▸ **GIVEN MATERIAL**
# # # #

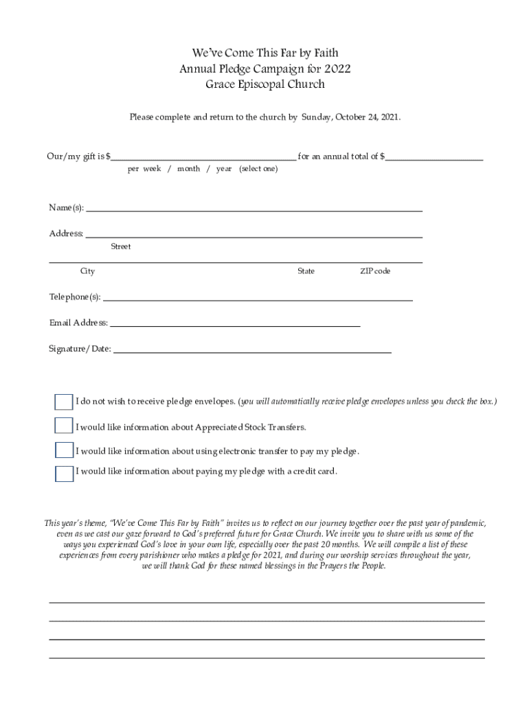 We've Come This Far by Faith Annual Pledge Campaign for 2022 Grace Episcopal Church Please complete and return to the church by Sunday, October 24, 2021. Our/my gift is for an annual total of $ per
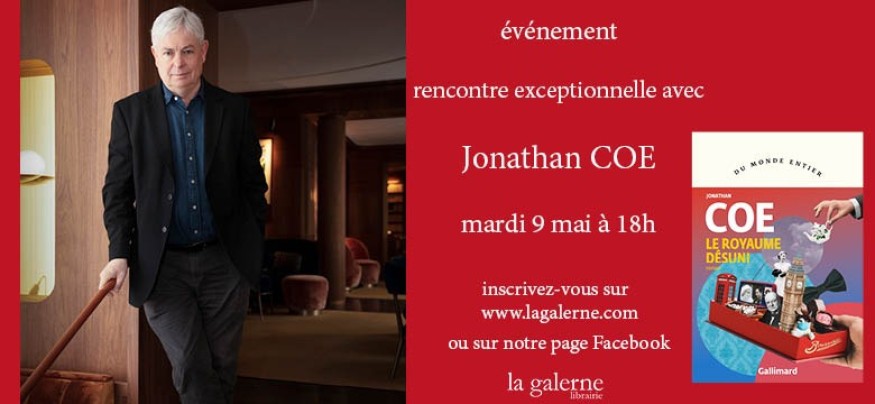 C'est un évènement !L'auteur britannique Jonathan Coe sera à La Galerne mardi 9 mai.Il a étudié à la King Edward's School à Birmingham où il est né, et au Trinity College à Cambridge avant d'enseigner à l'Université de Warwick. Jonathan Coe doit sa notoriété dans le monde à son roman "Testament à l'anglaise", virulente satire de la société britannique des années du thatchérisme. Il a reçu le Prix Médicis étranger en 1998 pour "La Maison du sommeil", et a écrit "Le cœur de l’Angleterre", "La pluie, avant qu’elle tombe", "Bienvenue au Club", "La vie très privée de Mr Sim"…Il poursuit sa description de l'histoire contemporaine britannique dans "Le Royaume désuni" qu'il vient présenter et signer à La Galerne, dans lequel il retrace l'histoire d'une famille depuis les années 1940 jusqu'à aujourd'hui, s'inspirant de la figure de sa mère récemment décédée.Avec beaucoup d’humour (anglais, bien entendu ! ) Jonathan Coe propose une satire sociale et politique, mais également un roman intime et personnel.
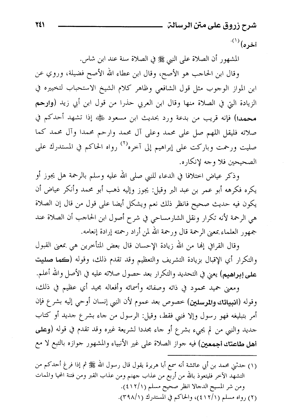 وقال ابن الحاجب هو الأصح، وقال ابن عطاء الله الأصح فضيلة، وروي عن ابن المواز الوجوب مثل قول الشافعي وظاهر كلام الشيخ والاستحباب لتخييره في الزيادة التي في الصلاة منها وقال ابن العربي حذرا من قول ابن أبي زيد (وارحم محمدا) فإنه قريب من بدعة ورد بحديث ابن مسعود رضي الله عنه إذا تشهد أحدكم في صلاته فليقل اللهم صل على محمد وعلى آل محمد وارحم محمدا وآل محمد كما صليت ورحمت وباركت على إبراهيم إلى آخره. رواه الحاكم في المستدرك على الصحيحين فلا وجه لإنكاره.
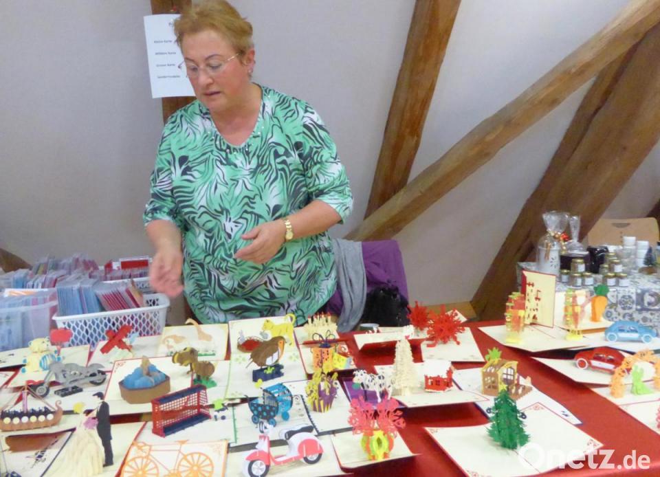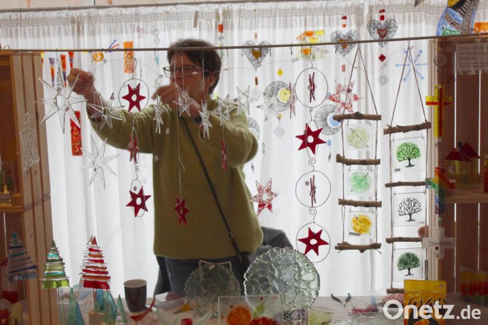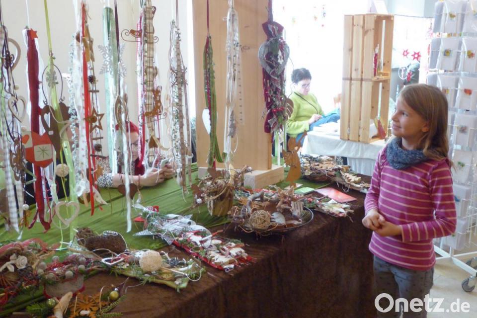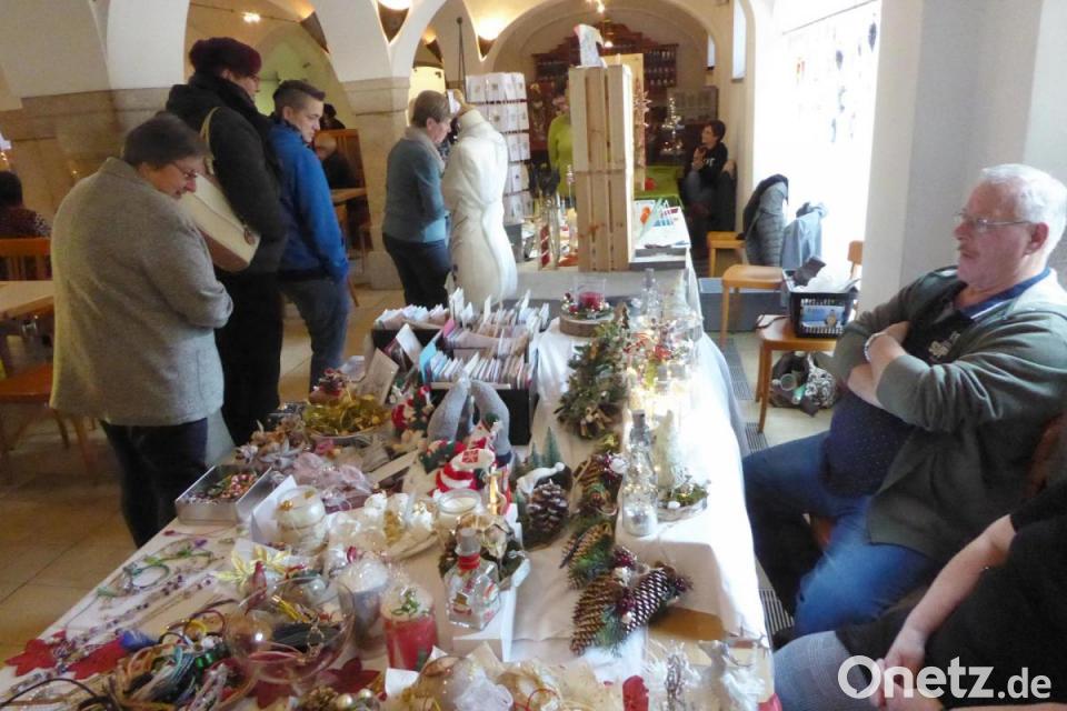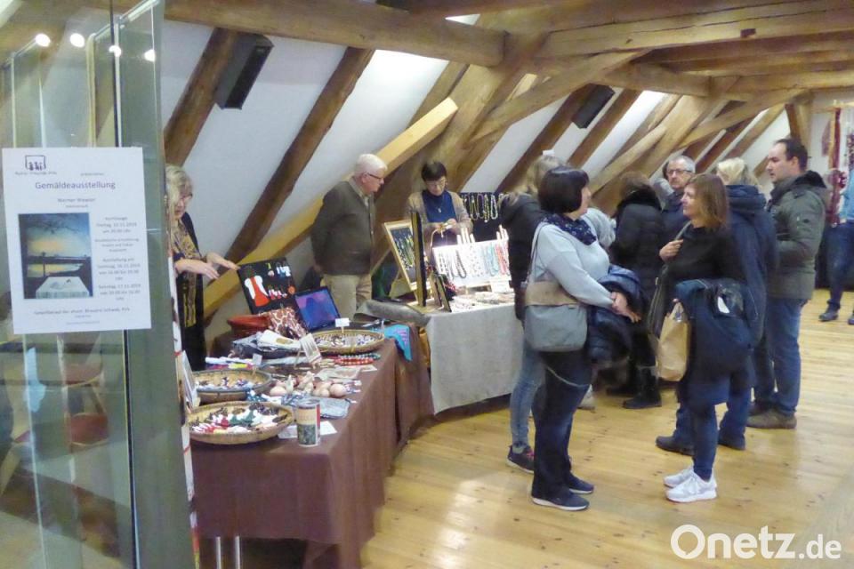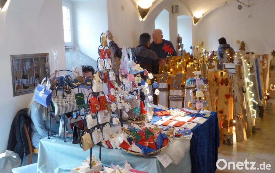 Im Galeriesaal hatten die Veranstalter für die Gemeinde- und Pfarrbücherei einen großen Bücherflohmarkt errichtet, bei dem so mancher Besucher eine Rarität für einen Euro erstand. Handgeschöpfte Weihnachtskarten und in Kenia gehäkelte Engelchen vertrieb der Verein Asante, ein seit 15 Jahren bestehendes privates Hilfswerk. Der Erlös kommt der Förderung von Schulkindern zugute. Eine Kräuterfachfrau hatte eingelegte Steinpilze, Wildkräuter- und Pilzpulver, Salze, Kräutersirup, Tees und Hildegard-von-Bingen-Produkte im Angebot. Hinzu kamen handgefertigte Edelsteinketten, aufklappbare Glückwunschkarten, Naturseifen, Holzvasen und -handtaschen, Seiden- und Filzarbeiten sowie Mützen, Schals, Hüte, Tunikas und Stulpen, Fruchtliköre und -sirup und weitere Dekoartikel für die Weihnachtszeit.

# # # #

▸ **PROBLEM STATEMENT**
Your reply should consist solely of the lines above, from the opening line through the line with "وقال ابن الحاجب", reproduced exactly and without pictures.

▸ **EXERCISE RESULT**
 We've Come This Far by Faith Annual Pledge Campaign for 2022 Grace Episcopal Church Please complete and return to the church by Sunday, October 24, 2021. Our/my gift is for an annual total of $ per
 C'est un évènement !L'auteur britannique Jonathan Coe sera à La Galerne mardi 9 mai.Il a étudié à la King Edward's School à Birmingham où il est né, et au Trinity College à Cambridge avant d'enseigner à l'Université de Warwick. Jonathan Coe doit sa notoriété dans le monde à son roman "Testament à l'anglaise", virulente satire de la société britannique des années du thatchérisme. Il a reçu le Prix Médicis étranger en 1998 pour "La Maison du sommeil", et a écrit "Le cœur de l’Angleterre", "La pluie, avant qu’elle tombe", "Bienvenue au Club", "La vie très privée de Mr Sim"…Il poursuit sa description de l'histoire contemporaine britannique dans "Le Royaume désuni" qu'il vient présenter et signer à La Galerne, dans lequel il retrace l'histoire d'une famille depuis les années 1940 jusqu'à aujourd'hui, s'inspirant de la figure de sa mère récemment décédée.Avec beaucoup d’humour (anglais, bien entendu ! ) Jonathan Coe propose une satire sociale et politique, mais également un roman intime et personnel.
 وقال ابن الحاجب هو الأصح، وقال ابن عطاء الله الأصح فضيلة، وروي عن ابن المواز الوجوب مثل قول الشافعي وظاهر كلام الشيخ والاستحباب لتخييره في الزيادة التي في الصلاة منها وقال ابن العربي حذرا من قول ابن أبي زيد (وارحم محمدا) فإنه قريب من بدعة ورد بحديث ابن مسعود رضي الله عنه إذا تشهد أحدكم في صلاته فليقل اللهم صل على محمد وعلى آل محمد وارحم محمدا وآل محمد كما صليت ورحمت وباركت على إبراهيم إلى آخره. رواه الحاكم في المستدرك على الصحيحين فلا وجه لإنكاره.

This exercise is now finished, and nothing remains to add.